Williams CEO Alan Armstrong used a personal email account and private meetings to help a former employee mount a legal challenge to a merger publicly supported by Williams’ board, Energy Transfer said in a Delaware Court of Chancery filing. Armstrong’s efforts amounted to “overt steps to scuttle the merger,” according to the filing.
A Williams representative called the allegations “unfounded” and said they represent an attempt by Energy Transfer “to avoid the consequences of its own conduct.” Williams believes it’s “entitled to judgment in its favor,” according to an emailed statement.

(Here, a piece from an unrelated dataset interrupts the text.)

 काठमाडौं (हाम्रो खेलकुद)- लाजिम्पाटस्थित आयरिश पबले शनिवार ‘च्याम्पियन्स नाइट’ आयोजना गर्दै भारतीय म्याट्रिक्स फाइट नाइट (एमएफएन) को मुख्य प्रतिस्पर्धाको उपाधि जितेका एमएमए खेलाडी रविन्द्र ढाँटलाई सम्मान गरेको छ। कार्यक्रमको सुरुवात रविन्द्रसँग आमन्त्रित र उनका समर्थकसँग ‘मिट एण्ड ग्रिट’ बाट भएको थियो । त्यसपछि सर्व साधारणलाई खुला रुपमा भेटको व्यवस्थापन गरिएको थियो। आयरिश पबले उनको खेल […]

Energy Transfer and Williams have been sparring over a $1.5 billion breakup fee since June 2016, when a combination that would have created the nation’s largest natural gas transporter fell through in one of the industry’s most notorious failures. Williams argued Energy Transfer was unfairly trying to exact the breakup fee after abandoning the deal.

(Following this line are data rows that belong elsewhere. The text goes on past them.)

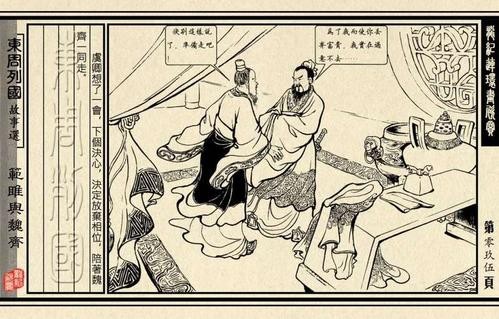 一次须贾出使齐国,范雎作为须贾的随从见到了齐王。齐强魏弱,在交谈中,齐襄王盛气凌人,须贾则唯唯诺诺,范雎见状,关键时候插言几句,一则软中含硬地阻击齐王的咄咄逼人,维护魏国的尊严;二则也是给主人个下台的台阶。齐襄王感到须贾平庸,而须贾的家臣范雎却思维敏捷,吐谈不俗,认定范雎是位人才,当晚便派人劝说范雎留在齐国,以客卿相处,但是范雎谢绝了。范雎说:“我与使者同出,而不与同入,不信无义,何以为人?”
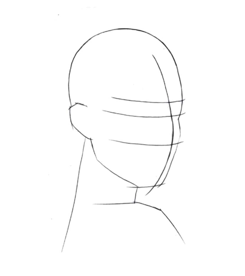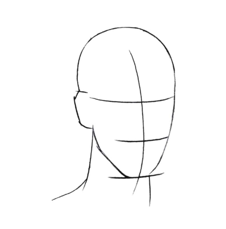 绘制一个饱满的椭圆形,确定耳朵的位置,顺势画出脖子,然后画出面部的透视线。侧面不同于正面,中线随球体角度变化成弧线,因此眉心的连线、鼻底线、嘴角连线是三条平行的弧线。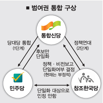 대통합민주신당은 ‘원샷 통합’을 고집하지 않고 ‘2단계 단일화’도 가능하다는 유연한 입장을 밝혔지만 다른 당의 반응은 신통치 않다.

This latest argument by Energy Transfer seeks to convince a Delaware judge that Williams was in breach of the merger agreement, and that that absolves Energy Transfer from having to pay anything.
John Bumgarner, the former Williams senior vice president and a shareholder at the time of the proposed merger, said Armstrong had nothing to do with the class-action lawsuit he filed in January 2016.

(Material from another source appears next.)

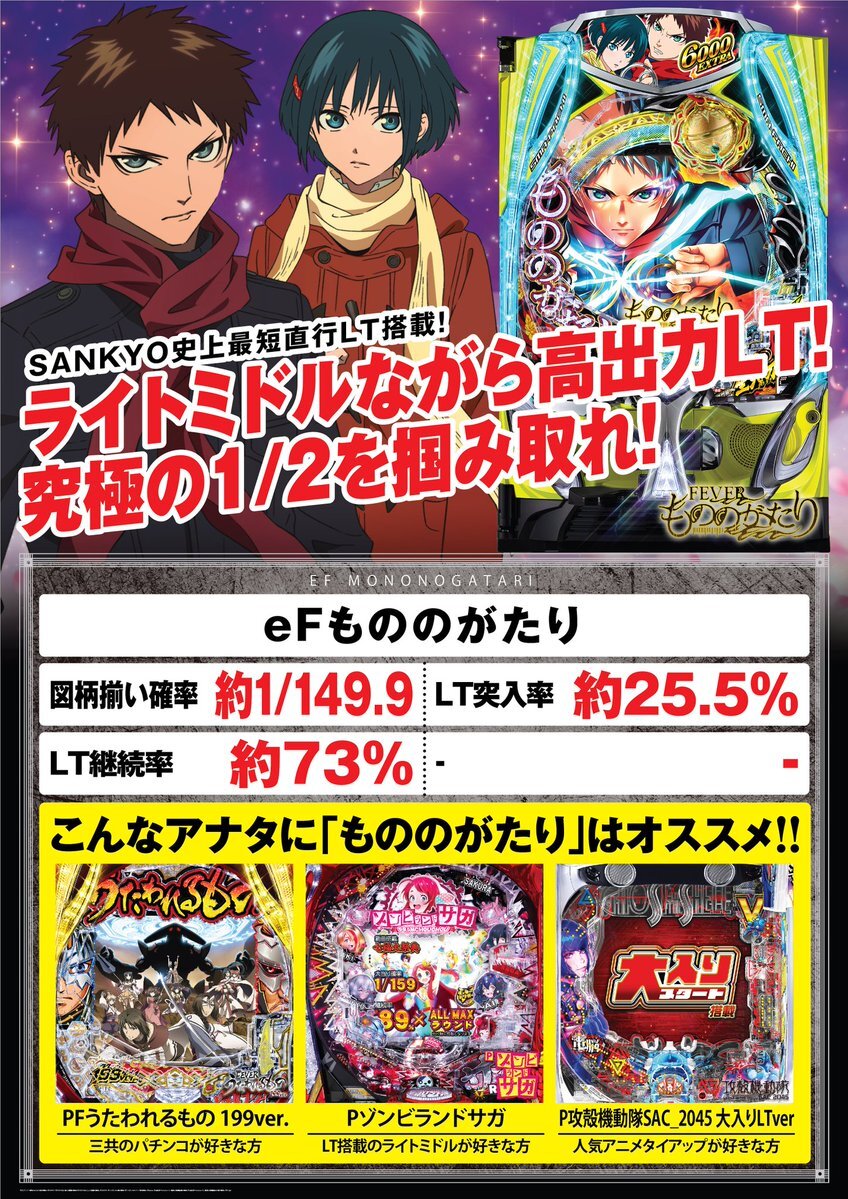 最近恒例の新機種紹介シリーズ! 第3弾の本日は、 11月6日[木曜日]導入の ・eFもののがたり p-town.dmm.com/machines/4876/ 注目はやはりスペック! 三共史上過去イチのLT突入率!? 大量導入です😎 #パチンコ #最新台 #ラッキートリガー #Dステ南大分 #もののがたり #三共 pic.x.com/CAtIpjGben

“I filed that lawsuit all by myself,” Bumgarner said by telephone on Thursday from Tulsa, Oklahoma.
Williams argued that Energy Transfer, a creation of billionaire Kelcy Warren, invoked a tax flaw as a cover for having buyer’s remorse as oil plunged. But the court sided with Energy Transfer, saying that while its finding of a tax flaw raised questions, it did in fact cripple the deal.
Now, Energy Transfer is arguing that Armstrong had been working behind the scenes with Bumgarner to inform his lawsuit and conduct a “PR campaign” against the merger. Energy Transfer said those communications showed that Williams was the one that wanted out of the deal.
Beginning in December 2015, Armstrong and Bumgarner exchanged “numerous emails,” the filing said, “often using Armstrong’s personal Gmail account or a Cox Communications account that he shared with his wife.” Those communications weren’t disclosed in subsequent legal proceedings and Armstrong later deleted the Gmail account, Energy Transfer alleged.
Energy Transfer said the emails centered around non-public details of the merger that later appeared in Bumgarner’s lawsuit seeking to cancel the deal. In the interview, Bumgarner said Armstrong was only trying to get him to leave Williams out of the lawsuit, arguing that the language Bumgarner was contesting was written by Energy Transfer and not Williams.
When the merger was officially terminated, Armstrong and Bumgarner met for happy hour, according to the filing. “Bumgarner followed up with an email to Armstrong two days later, referring to their ‘team’ efforts during the past 6 months,” Energy Transfer said.
“I don’t know what we were talking about,” Bumgarner said during the interview. “We worked together at the same company for a long time. I see him socially at the country club. I see him at United Way events. Tulsa is not a very big town.”